(Activity)
Write the listing below out again in full, dropping its pictures.

(Data extract)
◇ ◇ ◇
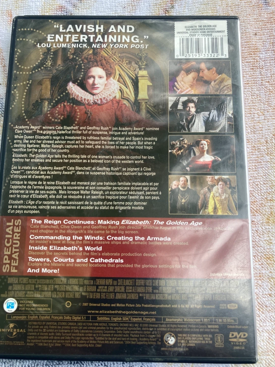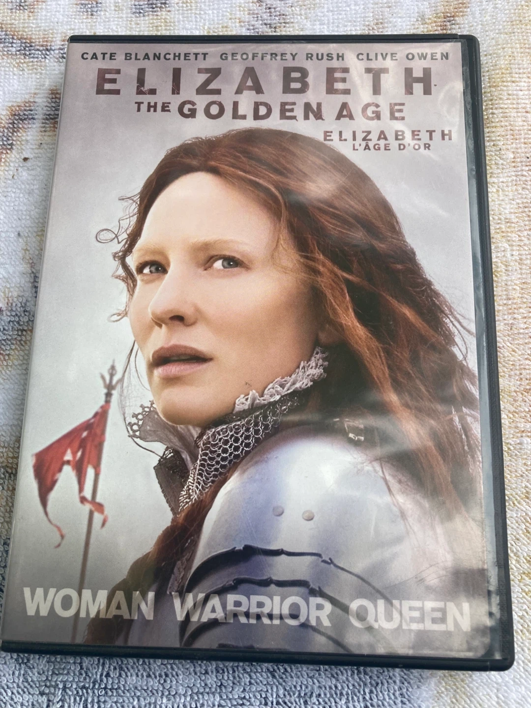 Selling Elizabeth: The Golden Age on DVD, starring Cate Blanchett, Geoffrey Rush, and Clive Owen! It's a historical thriller about Queen Elizabeth and her struggle to protect her throne. The DVD includes special features like 'Commanding the Winds: Creating the Armada' and 'Inside Elizabeth's World'. A great addition to any film collection
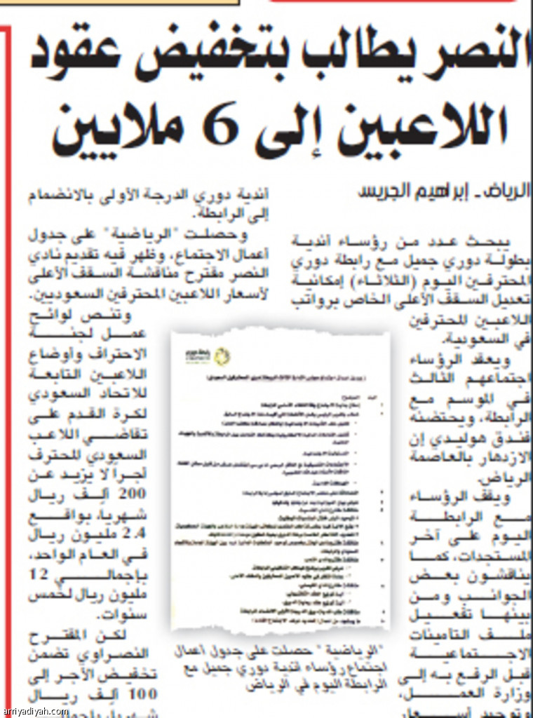 وحصلت "الرياضية" على جدول أعمال الاجتماع، وظهر فيه تقديم نادي النصر مقترح مناقشة السقف الأعلى لأسعار اللاعبين المحترفين السعوديين.
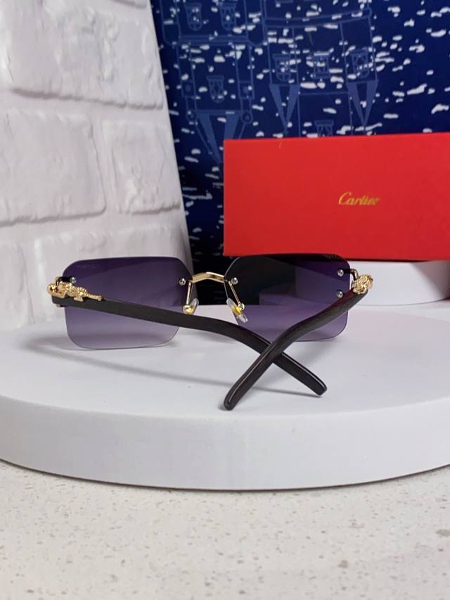 Cartier Cartier 2025 new frameless square sunglasses metal leopard legs men and
◇ ◇ ◇
(Task response)
 Selling Elizabeth: The Golden Age on DVD, starring Cate Blanchett, Geoffrey Rush, and Clive Owen! It's a historical thriller about Queen Elizabeth and her struggle to protect her throne. The DVD includes special features like 'Commanding the Winds: Creating the Armada' and 'Inside Elizabeth's World'. A great addition to any film collection
 وحصلت "الرياضية" على جدول أعمال الاجتماع، وظهر فيه تقديم نادي النصر مقترح مناقشة السقف الأعلى لأسعار اللاعبين المحترفين السعوديين.
 Cartier Cartier 2025 new frameless square sunglasses metal leopard legs men and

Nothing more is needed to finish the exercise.